*EXERCISE DESCRIPTION:* Please transcribe only the lines from the one holding "2 BOOKS, PLAQUE, BRAND" through the final line of the data, both included, with no pictures.

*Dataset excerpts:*
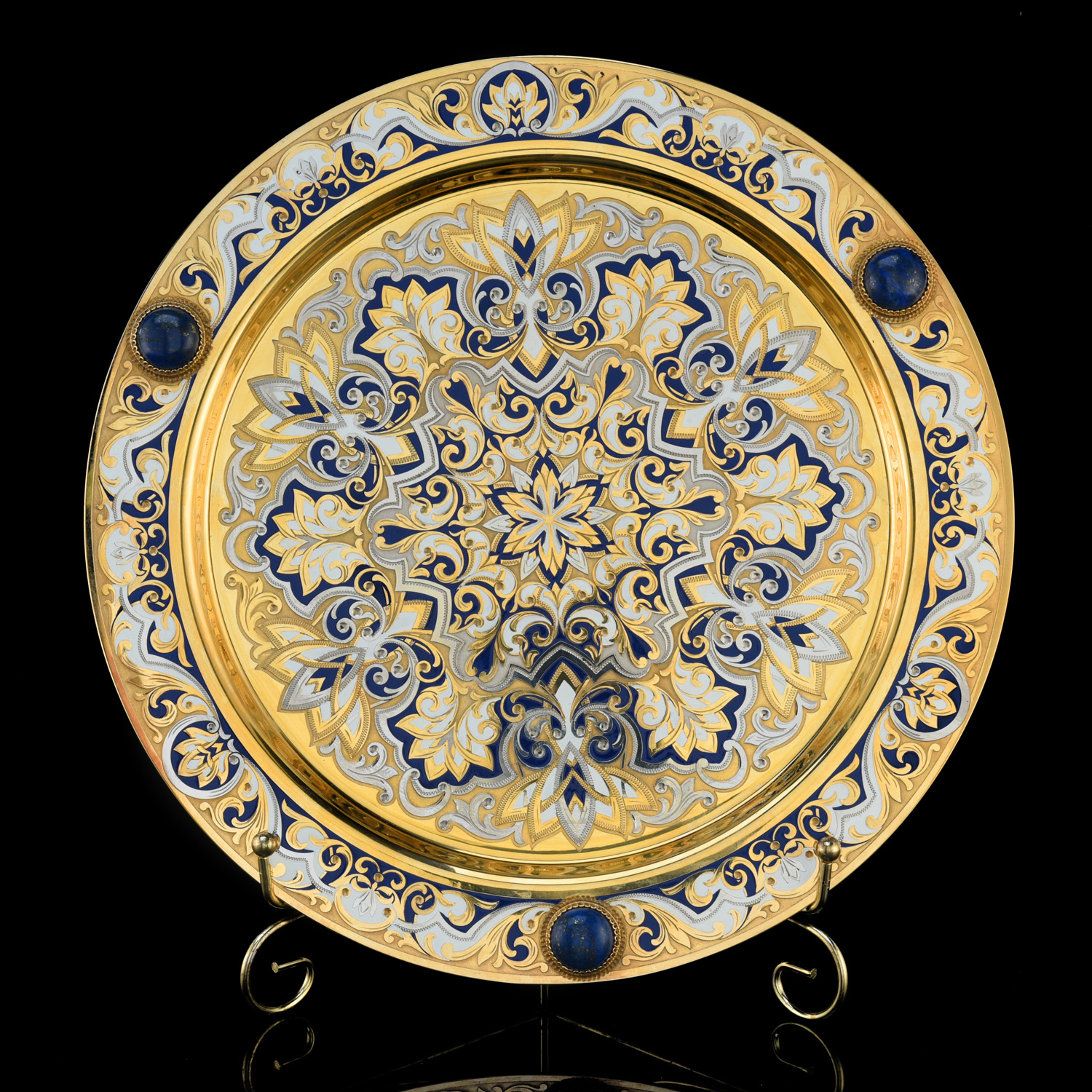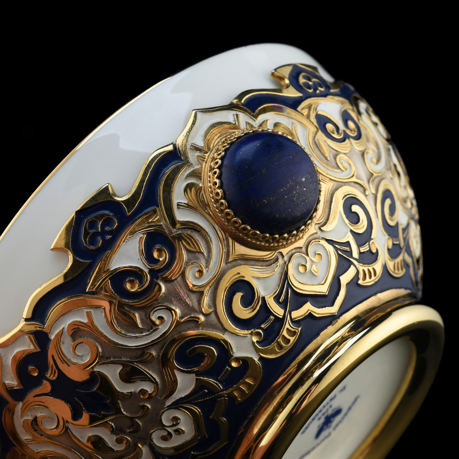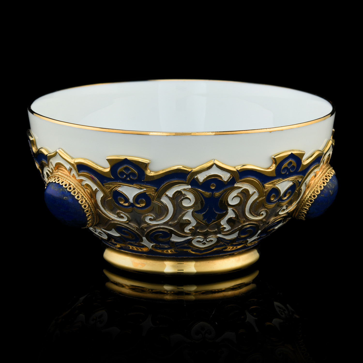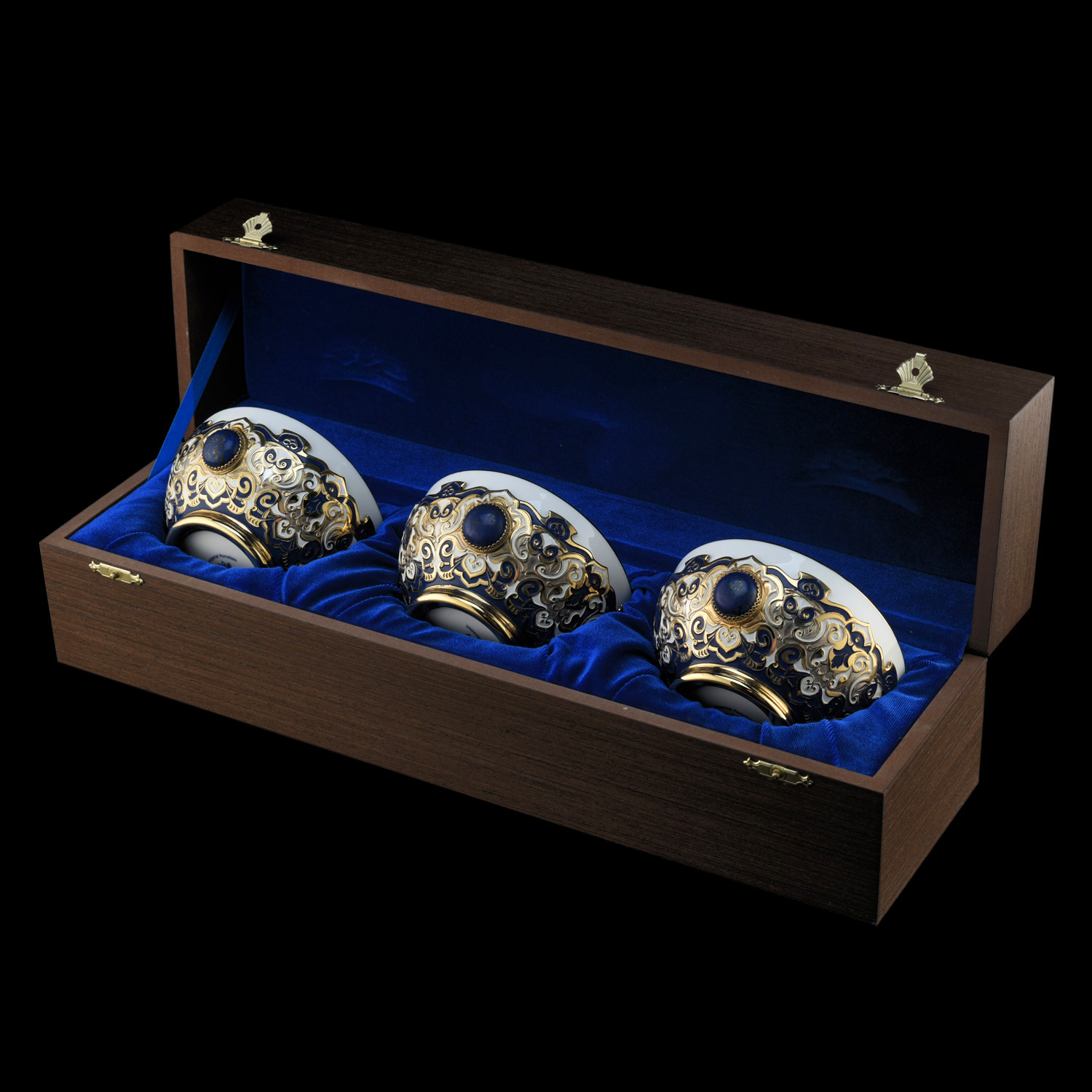 Набор из трех пиал "Восточный". Златоуст.Материалы: фарфор, латунь, никель, золото 999,9*, эмаль, лазурит.
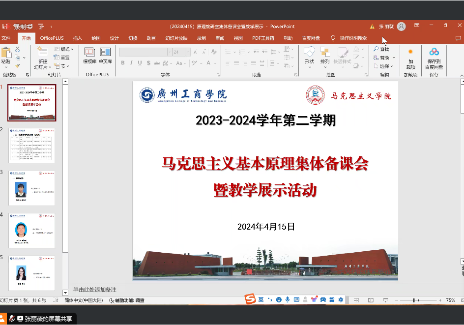 为加强思政课主渠道主阵地建设,充分发挥骨干教师的引领、示范作用,进一步提升《马克思主义基本原理》课程的教学质量,提高教师团队的教学水平,增强第一轮磨课效果。2024年4月15日晚19:30,马克思主义学院马克思主义基本原理教研室通过线上腾讯会议召开了集体备课会暨教学展示活动。本次备课会由马克思主义基本原理课程助理张丽薇老师主持,本学期担任马克思主义基本原理的全体教师参加。
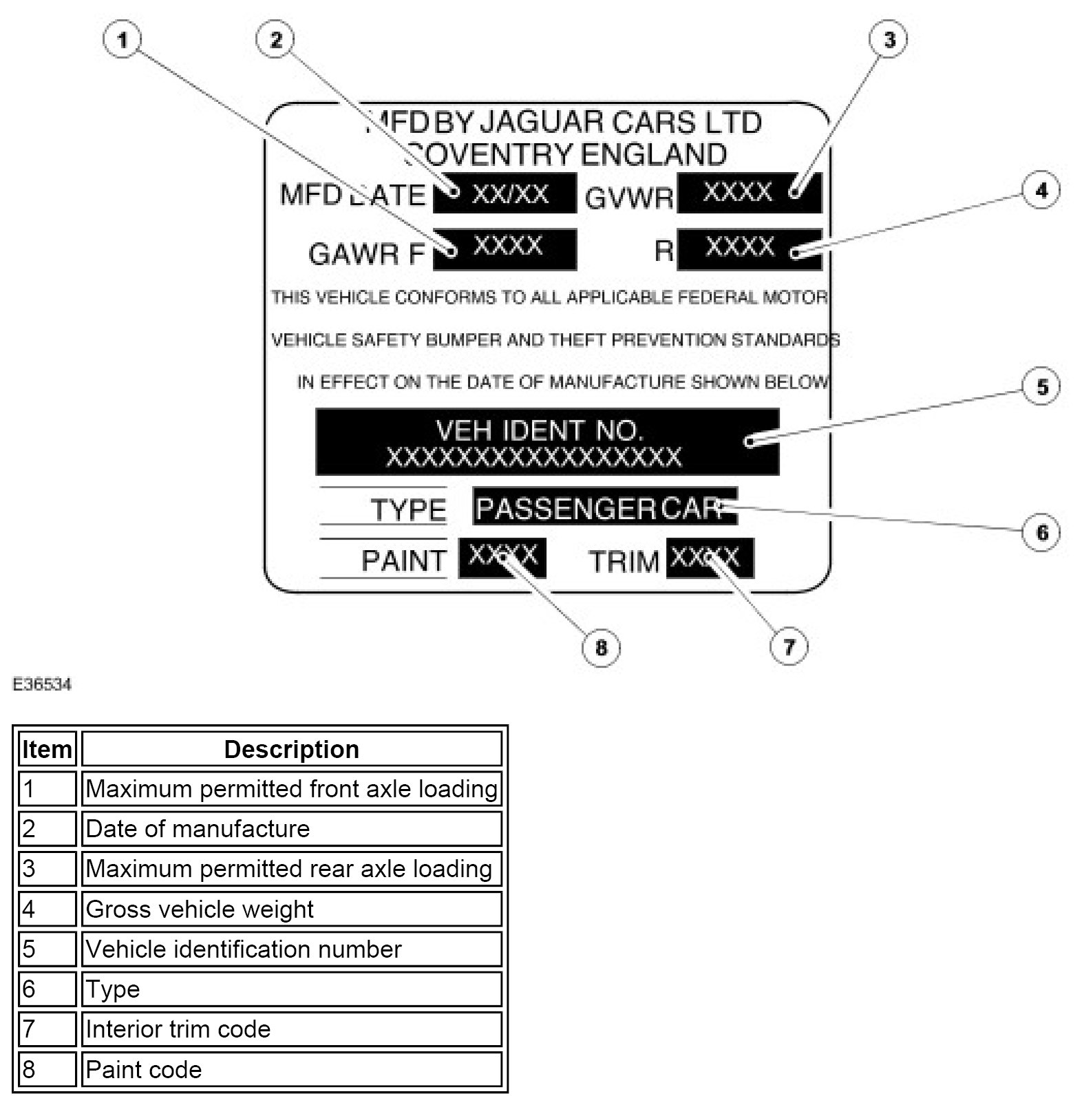 The vehicle certification label also contains the 17 character vehicle identification number.
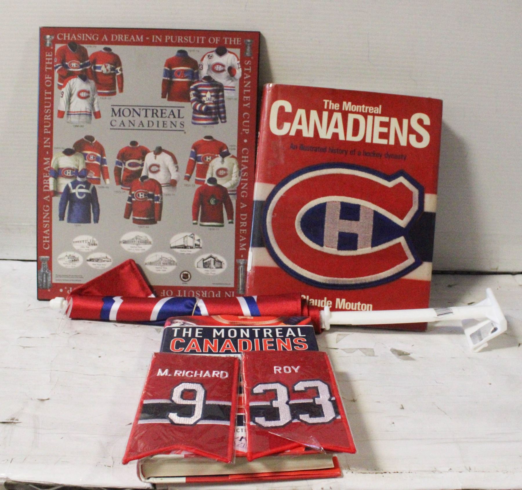 2 BOOKS, PLAQUE, BRAND NEW CAR FLAG, MINI JERESY BANNERS FOR PATRICK ROY AND MAURICE RICHARD
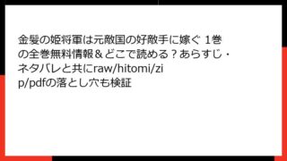 少女マンガ 金髪の姫将軍は元敵国の好敵手に嫁ぐ 1巻の全巻無料情報&どこで読める?あらすじ・ネタバレと共にraw/hitomi/zip/pdfの落とし穴も検証 「金髪の姫将軍は元敵国の好敵手に嫁ぐ」1巻のあらすじを徹底解説 「金髪の姫将軍は元敵国の好敵手に嫁ぐ」は、羽鳥紘による大人気ライトノベルを原作とし、森川いくが作画を担当したコミカライズ作品です。DIANA文庫から出版されたこの物語は、勇... 2025.09.07 少女マンガ金髪の姫将軍は元敵国の好敵手に嫁ぐ
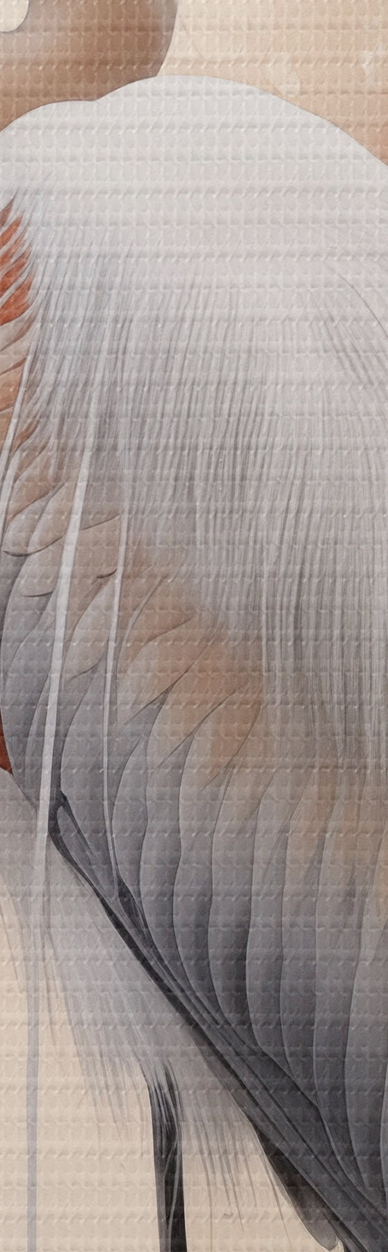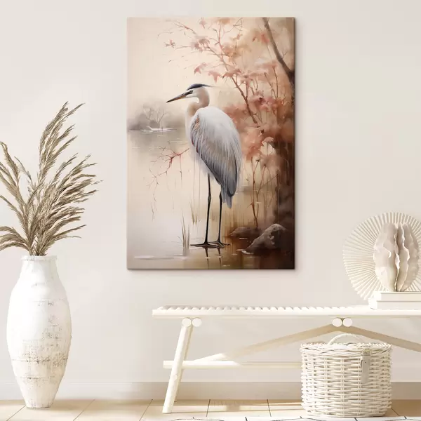 Tableau Un héron se tient sur un rocher dans un lac, avec de hautes herbes et des arbres en arrière-plan. s47427

*ANSWER BOX:*
 2 BOOKS, PLAQUE, BRAND NEW CAR FLAG, MINI JERESY BANNERS FOR PATRICK ROY AND MAURICE RICHARD
 少女マンガ 金髪の姫将軍は元敵国の好敵手に嫁ぐ 1巻の全巻無料情報&どこで読める?あらすじ・ネタバレと共にraw/hitomi/zip/pdfの落とし穴も検証 「金髪の姫将軍は元敵国の好敵手に嫁ぐ」1巻のあらすじを徹底解説 「金髪の姫将軍は元敵国の好敵手に嫁ぐ」は、羽鳥紘による大人気ライトノベルを原作とし、森川いくが作画を担当したコミカライズ作品です。DIANA文庫から出版されたこの物語は、勇... 2025.09.07 少女マンガ金髪の姫将軍は元敵国の好敵手に嫁ぐ
 Tableau Un héron se tient sur un rocher dans un lac, avec de hautes herbes et des arbres en arrière-plan. s47427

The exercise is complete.